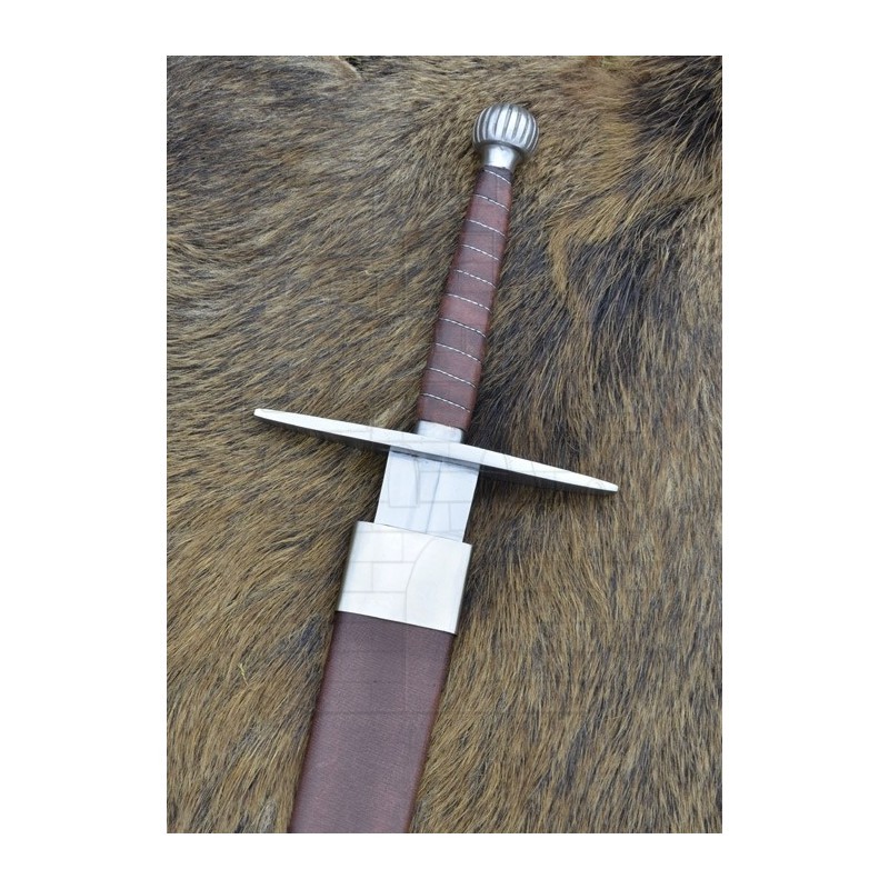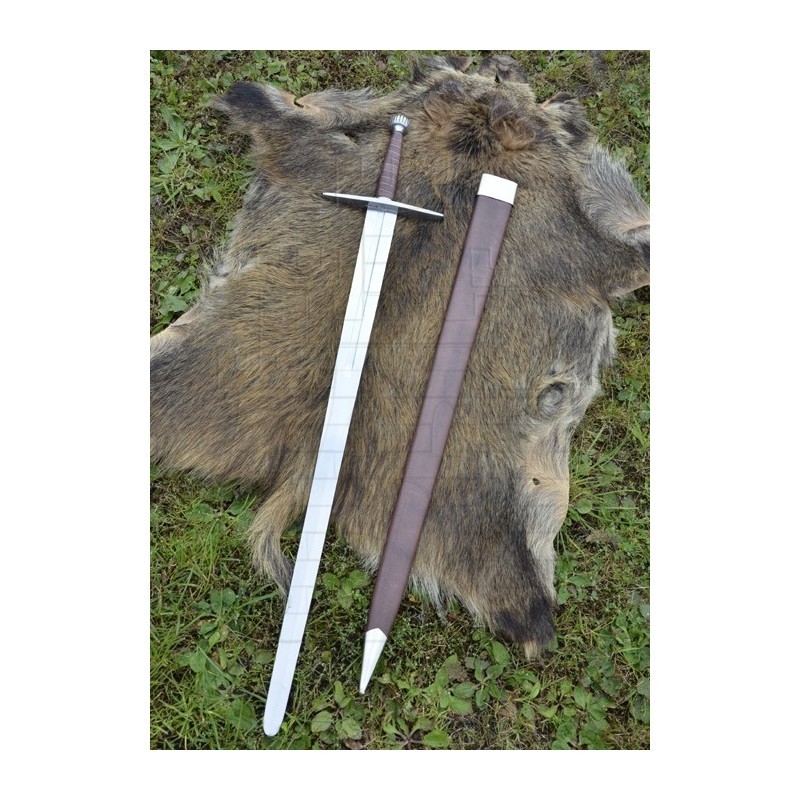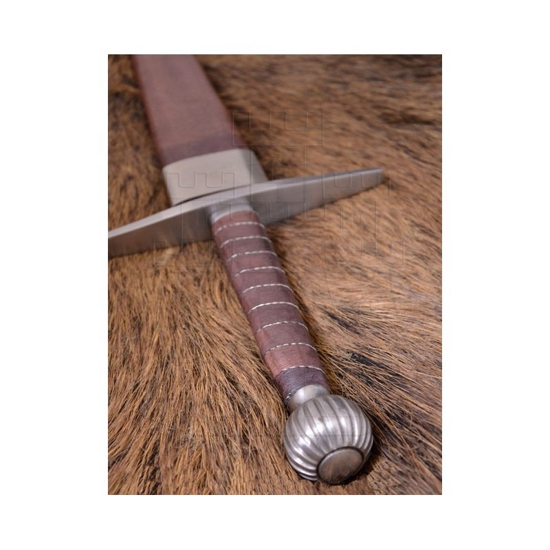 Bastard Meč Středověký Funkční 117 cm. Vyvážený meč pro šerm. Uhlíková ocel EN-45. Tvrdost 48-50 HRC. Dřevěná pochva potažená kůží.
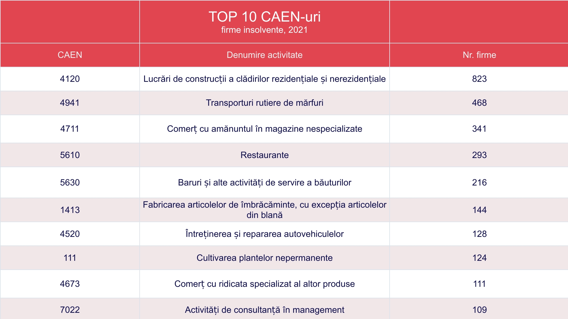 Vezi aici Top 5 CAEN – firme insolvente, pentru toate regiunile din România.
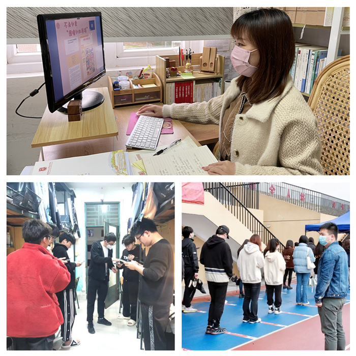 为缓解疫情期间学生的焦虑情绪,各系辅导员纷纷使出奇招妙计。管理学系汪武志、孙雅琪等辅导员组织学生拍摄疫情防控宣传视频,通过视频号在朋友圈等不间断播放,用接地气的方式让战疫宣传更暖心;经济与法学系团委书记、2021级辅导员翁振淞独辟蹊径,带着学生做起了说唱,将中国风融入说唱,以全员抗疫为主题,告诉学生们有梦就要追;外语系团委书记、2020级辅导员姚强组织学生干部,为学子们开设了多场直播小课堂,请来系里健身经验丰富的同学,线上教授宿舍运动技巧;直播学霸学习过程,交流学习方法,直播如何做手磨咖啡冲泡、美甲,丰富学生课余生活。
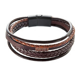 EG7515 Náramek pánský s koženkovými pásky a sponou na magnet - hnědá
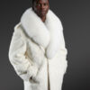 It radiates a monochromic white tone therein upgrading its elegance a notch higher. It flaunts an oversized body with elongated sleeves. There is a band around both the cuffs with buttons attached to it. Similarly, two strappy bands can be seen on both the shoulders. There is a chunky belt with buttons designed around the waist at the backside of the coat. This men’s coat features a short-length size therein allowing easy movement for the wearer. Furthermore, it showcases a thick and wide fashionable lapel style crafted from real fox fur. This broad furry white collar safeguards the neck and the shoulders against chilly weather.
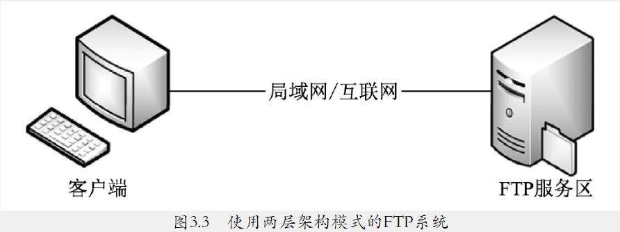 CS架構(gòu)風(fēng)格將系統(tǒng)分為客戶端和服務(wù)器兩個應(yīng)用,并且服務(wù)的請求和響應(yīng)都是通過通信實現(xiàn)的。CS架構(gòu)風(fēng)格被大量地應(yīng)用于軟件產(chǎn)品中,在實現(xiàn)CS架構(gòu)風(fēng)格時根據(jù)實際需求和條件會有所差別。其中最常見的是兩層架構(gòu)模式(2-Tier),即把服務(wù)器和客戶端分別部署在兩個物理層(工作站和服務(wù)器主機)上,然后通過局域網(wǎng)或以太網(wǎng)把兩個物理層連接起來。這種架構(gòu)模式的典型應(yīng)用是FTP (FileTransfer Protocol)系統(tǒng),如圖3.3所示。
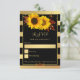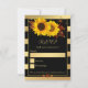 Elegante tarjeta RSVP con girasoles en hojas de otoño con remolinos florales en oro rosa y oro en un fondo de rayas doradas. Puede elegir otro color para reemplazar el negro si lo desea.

--- ASSIGNMENT ---
Write out the whole listing exactly. Do not include the pictures.

--- RESPONSE ---
 Bastard Meč Středověký Funkční 117 cm. Vyvážený meč pro šerm. Uhlíková ocel EN-45. Tvrdost 48-50 HRC. Dřevěná pochva potažená kůží.
 Vezi aici Top 5 CAEN – firme insolvente, pentru toate regiunile din România.
 为缓解疫情期间学生的焦虑情绪,各系辅导员纷纷使出奇招妙计。管理学系汪武志、孙雅琪等辅导员组织学生拍摄疫情防控宣传视频,通过视频号在朋友圈等不间断播放,用接地气的方式让战疫宣传更暖心;经济与法学系团委书记、2021级辅导员翁振淞独辟蹊径,带着学生做起了说唱,将中国风融入说唱,以全员抗疫为主题,告诉学生们有梦就要追;外语系团委书记、2020级辅导员姚强组织学生干部,为学子们开设了多场直播小课堂,请来系里健身经验丰富的同学,线上教授宿舍运动技巧;直播学霸学习过程,交流学习方法,直播如何做手磨咖啡冲泡、美甲,丰富学生课余生活。
 EG7515 Náramek pánský s koženkovými pásky a sponou na magnet - hnědá
 It radiates a monochromic white tone therein upgrading its elegance a notch higher. It flaunts an oversized body with elongated sleeves. There is a band around both the cuffs with buttons attached to it. Similarly, two strappy bands can be seen on both the shoulders. There is a chunky belt with buttons designed around the waist at the backside of the coat. This men’s coat features a short-length size therein allowing easy movement for the wearer. Furthermore, it showcases a thick and wide fashionable lapel style crafted from real fox fur. This broad furry white collar safeguards the neck and the shoulders against chilly weather.
 CS架構(gòu)風(fēng)格將系統(tǒng)分為客戶端和服務(wù)器兩個應(yīng)用,并且服務(wù)的請求和響應(yīng)都是通過通信實現(xiàn)的。CS架構(gòu)風(fēng)格被大量地應(yīng)用于軟件產(chǎn)品中,在實現(xiàn)CS架構(gòu)風(fēng)格時根據(jù)實際需求和條件會有所差別。其中最常見的是兩層架構(gòu)模式(2-Tier),即把服務(wù)器和客戶端分別部署在兩個物理層(工作站和服務(wù)器主機)上,然后通過局域網(wǎng)或以太網(wǎng)把兩個物理層連接起來。這種架構(gòu)模式的典型應(yīng)用是FTP (FileTransfer Protocol)系統(tǒng),如圖3.3所示。
 Elegante tarjeta RSVP con girasoles en hojas de otoño con remolinos florales en oro rosa y oro en un fondo de rayas doradas. Puede elegir otro color para reemplazar el negro si lo desea.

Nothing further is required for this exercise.